Will Anglo American’s investors think the newest boss is really worth £5.3m? – by Louise Armitstead (The Telegram – March 30, 2014)

http://www.telegraph.co.uk/

Mark Cutifani, the no-nonsense Australian, is focusing on the rich seam of problems at the troubled mining giant

Mark Cutifani ought to have his hard hat on. The last two chief executives of Anglo American before him were bulldozed out by angry shareholders and now, almost exactly a year into the job, the new boss has provocatively dumped his £5.3m pay deal in front of them.

The Australian-born Cutifani has the distinct advantage over his immediate predecessor, Cynthia Carroll, of being both a qualified mining engineer and a man.
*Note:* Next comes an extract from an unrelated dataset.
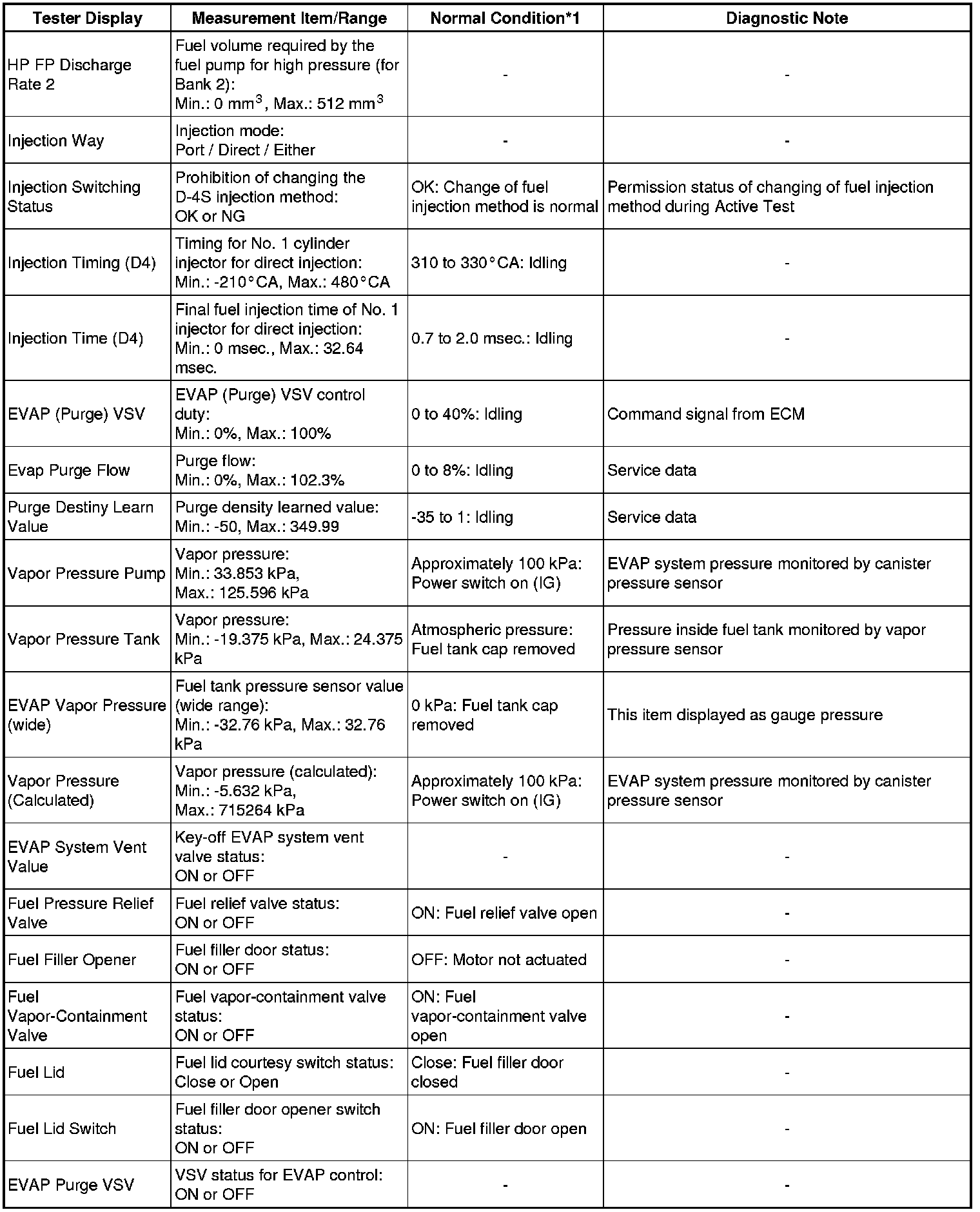 Using the Techstream to read the Data List allows the values or states of switches, sensors, actuators and other items to be read without removing any parts. This non-intrusive inspection can be very useful because intermittent conditions or signals may be discovered before parts or wiring is disturbed.

But still, the proposal to extract £2m compensation for the loss of incentives at his previous job, plus £836,000 to cover the move from Johannesburg, is a brave ask.

Last year, investors gave Cutifani a bloody nose after just a few weeks at the FTSE 100 mining giant when 28pc voted against the remuneration report. Now they have the details, what will happen at the annual meeting next month?

“They will vote and we will see,” says the no-nonsense Cutifani. “We’ve made quite a few changes since last year, and I’m good with that.” He accepts the pay deal could have been improved with more performance links. But, frankly, his focus is on the rich seam of problems at Anglo. If he can properly extract and resolve those, shareholders will gladly part with any pay deal, however gold-plated.

Cutifani, a father of seven, is not the first to try. Anglo has been an almost permanent problem for investors for more than a decade. Founded in 1917 when Sir Ernest Oppenheimer persuaded Herbert Hoover, the future US President, to invest in a South African gold mine, Anglo has since expanded into a sprawling, diversified miner with interests ranging from copper and nickel to platinum, gold and diamonds (through its De Beers subsidiary).

In 2006, the then-chief executive Tony Trahar, an Anglo lifer of 30 years, was ousted amid investor complaints that the miner did not have a coherent strategy and its share price was lagging behind rivals Rio Tinto and BHP Billiton.

Carroll – a shock replacement, as much for being an American geologist as female – reduced the headcount by 50,000 and sold $11bn (£6.6bn) of assets. But her disastrously expensive $5.5bn acquisition of the Minas Rio iron ore project in Brazil eventually cost Carroll her job, too.

She was not alone. By then, the hubris that had gripped all the big global miners was fully exposed by falling commodity prices. Some 20 mining bosses stepped down during 2012, including Tom Albanese, who quit Rio Tinto after a $14bn write-down. BHP, Xstrata and Vale all saw changes at the top.

In this environment, Cutifani was a gem to discover for Sir John Parker, chairman of Anglo, who was in search of a new chief executive. Cutifani says: “I was pretty lucky because I hadn’t made a major strategic blunder and hadn’t blown up a project – that was an advantage.”

Cutifani was born in Wollongong, a coal mining area south of Sydney. Three months before he was due to start at law school, he signed up for a cadetship at the local deep mines.